▶ [Data records]
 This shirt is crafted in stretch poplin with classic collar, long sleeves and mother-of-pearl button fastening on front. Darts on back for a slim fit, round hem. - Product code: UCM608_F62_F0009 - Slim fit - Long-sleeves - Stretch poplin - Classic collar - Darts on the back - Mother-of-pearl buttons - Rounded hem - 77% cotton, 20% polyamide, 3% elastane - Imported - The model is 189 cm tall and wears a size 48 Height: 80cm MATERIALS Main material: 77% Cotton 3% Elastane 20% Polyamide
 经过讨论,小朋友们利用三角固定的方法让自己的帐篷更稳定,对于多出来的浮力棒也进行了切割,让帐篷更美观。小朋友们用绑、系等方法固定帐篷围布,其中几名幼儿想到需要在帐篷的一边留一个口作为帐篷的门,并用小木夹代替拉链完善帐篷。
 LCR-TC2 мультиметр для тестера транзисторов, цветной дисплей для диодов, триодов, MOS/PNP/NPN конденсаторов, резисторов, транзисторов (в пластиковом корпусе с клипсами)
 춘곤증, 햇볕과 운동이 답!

...

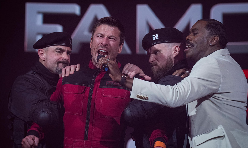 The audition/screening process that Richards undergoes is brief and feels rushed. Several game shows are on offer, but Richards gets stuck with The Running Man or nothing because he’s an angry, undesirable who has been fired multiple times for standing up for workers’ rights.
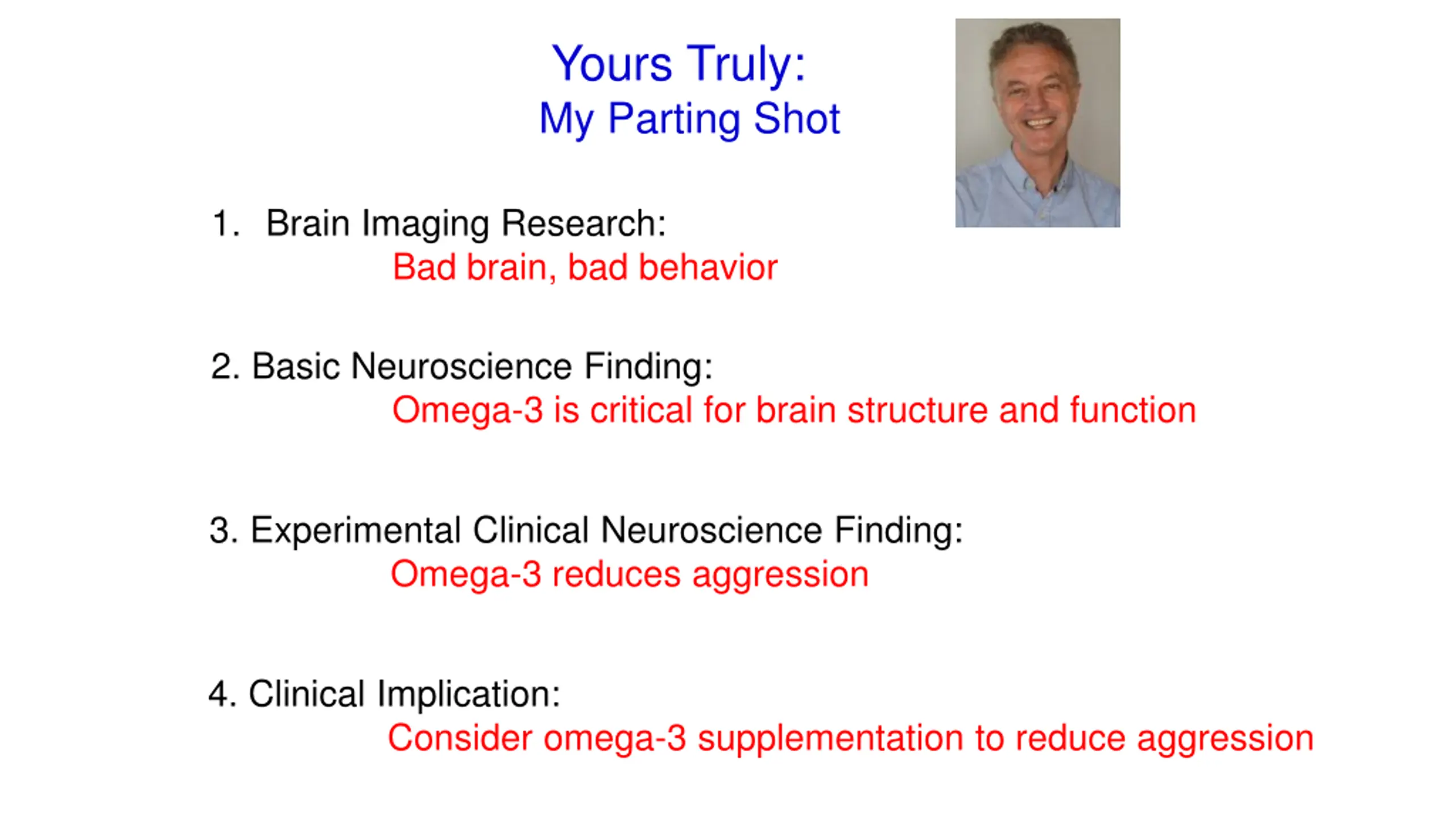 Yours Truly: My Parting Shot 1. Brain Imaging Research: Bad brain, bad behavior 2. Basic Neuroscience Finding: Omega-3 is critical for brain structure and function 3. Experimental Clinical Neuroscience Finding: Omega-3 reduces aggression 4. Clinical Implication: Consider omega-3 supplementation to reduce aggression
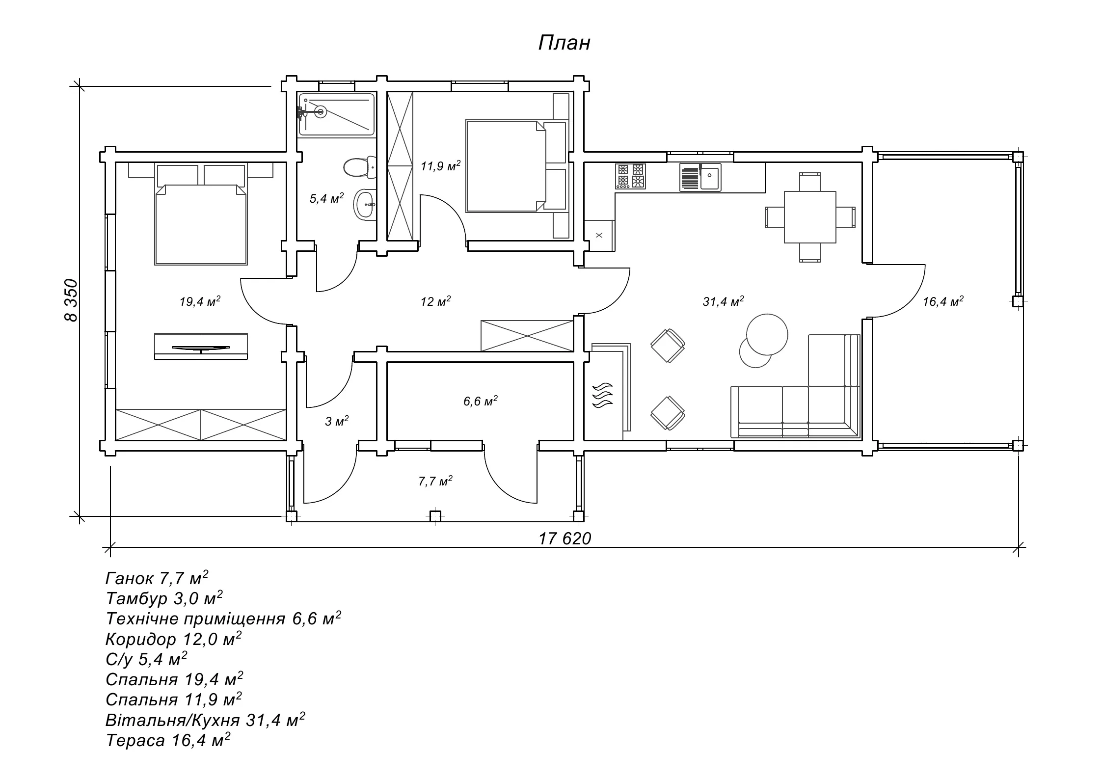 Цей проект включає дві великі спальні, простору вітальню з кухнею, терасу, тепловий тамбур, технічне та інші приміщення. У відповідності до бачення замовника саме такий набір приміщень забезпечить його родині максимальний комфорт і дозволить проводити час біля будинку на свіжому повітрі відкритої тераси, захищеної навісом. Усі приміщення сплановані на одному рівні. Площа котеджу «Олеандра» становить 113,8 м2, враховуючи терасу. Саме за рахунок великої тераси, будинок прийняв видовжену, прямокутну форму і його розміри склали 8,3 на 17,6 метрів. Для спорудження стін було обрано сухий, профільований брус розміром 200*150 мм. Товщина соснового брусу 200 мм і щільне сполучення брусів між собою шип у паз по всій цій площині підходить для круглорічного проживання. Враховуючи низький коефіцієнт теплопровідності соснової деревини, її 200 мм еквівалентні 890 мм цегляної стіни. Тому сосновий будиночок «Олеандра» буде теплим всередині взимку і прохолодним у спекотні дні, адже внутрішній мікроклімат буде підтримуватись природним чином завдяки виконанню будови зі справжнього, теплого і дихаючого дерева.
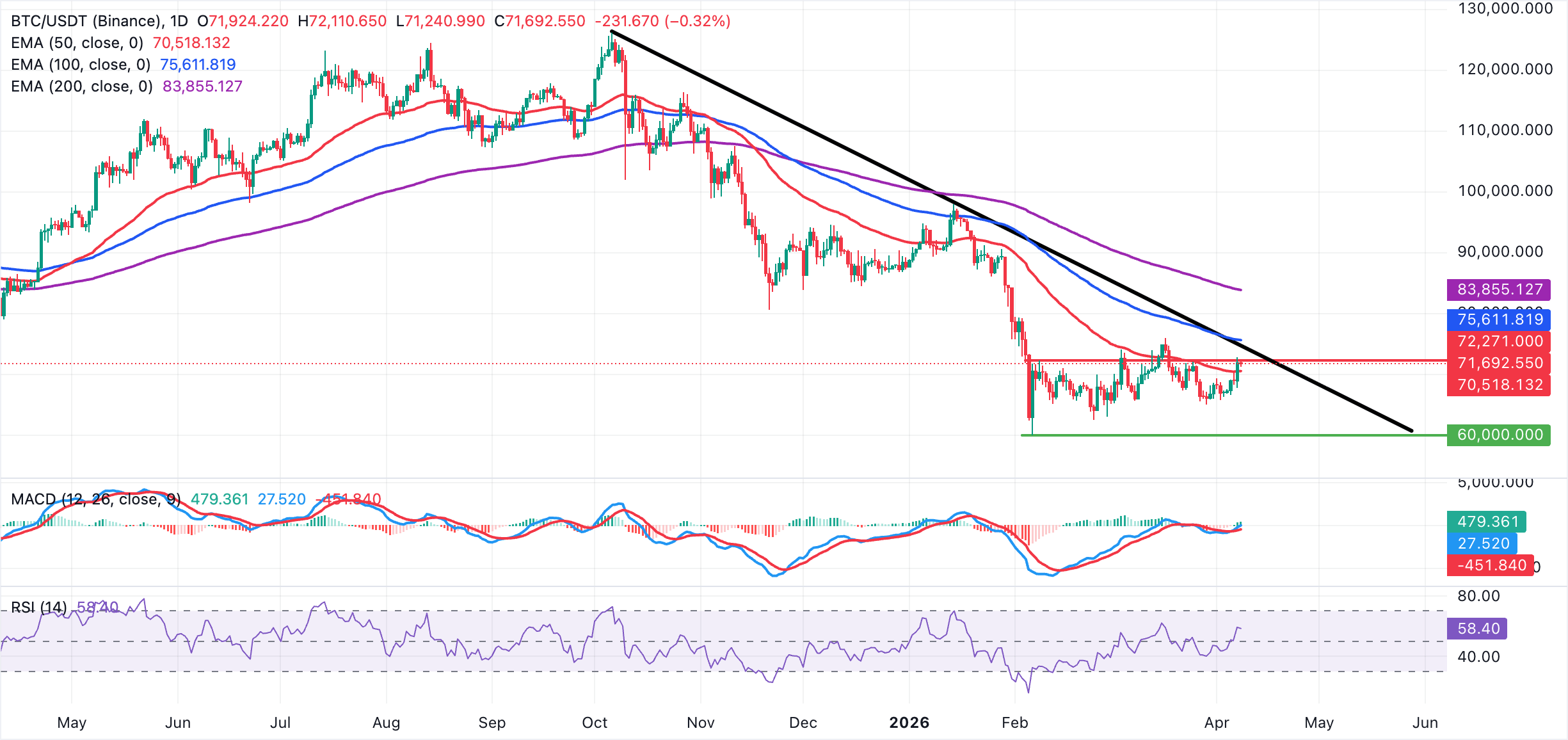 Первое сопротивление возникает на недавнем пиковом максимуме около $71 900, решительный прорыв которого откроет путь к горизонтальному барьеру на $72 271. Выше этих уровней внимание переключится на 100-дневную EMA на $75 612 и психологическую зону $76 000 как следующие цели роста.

▶ [Problem to solve]
An exact, complete copy of the lines above from the one with "经过讨论,小朋友们利用三角固" through the one with "춘곤증, 햇볕과 운동이 답!" is the whole answer.

▶ [Finished task]
 经过讨论,小朋友们利用三角固定的方法让自己的帐篷更稳定,对于多出来的浮力棒也进行了切割,让帐篷更美观。小朋友们用绑、系等方法固定帐篷围布,其中几名幼儿想到需要在帐篷的一边留一个口作为帐篷的门,并用小木夹代替拉链完善帐篷。
 LCR-TC2 мультиметр для тестера транзисторов, цветной дисплей для диодов, триодов, MOS/PNP/NPN конденсаторов, резисторов, транзисторов (в пластиковом корпусе с клипсами)
 춘곤증, 햇볕과 운동이 답!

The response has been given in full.